Lo mejor es comerlo con mămăligă, no hay duda de que no debes comerlo con pan, aunque he visto a gente que lo hace. Con una ensalada ácida o unos pepinos encurtidos rápidos, comes hasta saciarte. Yo creo que también va bien con una copa de vino blanco, algo seco, para cortar un poco con la "pesadez" de los hígados, pero también va bien con cerveza fría, como mencioné antes.
Preguntas frecuentes:
¿Cuánto tiempo deben estar los hígados al fuego? Si los dejas demasiado, se secan y se desmenuzan, no tienen nada que ver con la buena textura. Lo ideal es no dejarlos más de 10-12 minutos, incluyendo la fritura y la evaporación del vino.
¿Puedo poner otros órganos en la receta?

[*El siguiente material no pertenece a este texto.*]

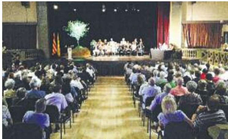
Acte d'investidura de Perpinyà.

Sí, pero no todos funcionan. Corazones y mollejas, como mencioné antes, son adecuados, pero deben hervirse primero, de lo contrario quedan duras. Hígado de cerdo o de res sirve, pero se prepara de otra manera, debe estar en leche antes, de lo contrario es amargo.

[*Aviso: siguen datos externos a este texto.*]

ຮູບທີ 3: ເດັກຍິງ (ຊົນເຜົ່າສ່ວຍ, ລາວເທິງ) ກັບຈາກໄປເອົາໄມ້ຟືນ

¿Si no tengo parmesano? No hay problema, puedes poner queso duro rallado, queso, incluso telemea si no te importa que salga un poco más salado y que no se derrita igual.
¿El vino es obligatorio? No, pero cambia el sabor. Si no quieres o no puedes usar alcohol, añade un chorrito de vinagre de manzana y un poco de caldo claro, para que tenga un poco de acidez.
¿Cómo puedo hacer la receta para más personas? Simple: duplicas o triplicas los ingredientes. Ten cuidado de tener una sartén grande, de lo contrario los hígados se cocinarán por tandas y no es tan cómodo. La mămăligă se hace fácilmente en ollas grandes, pero mezcla enérgicamente para no hacer grumos.
¿Puedo congelar los hígados hechos así? No lo recomiendo, no quedan bien al descongelar, la textura se vuelve desmenuzable y la cebolla se deshace. Es mejor conservar en el refrigerador 1-2 días y calentar al vapor o en el microondas.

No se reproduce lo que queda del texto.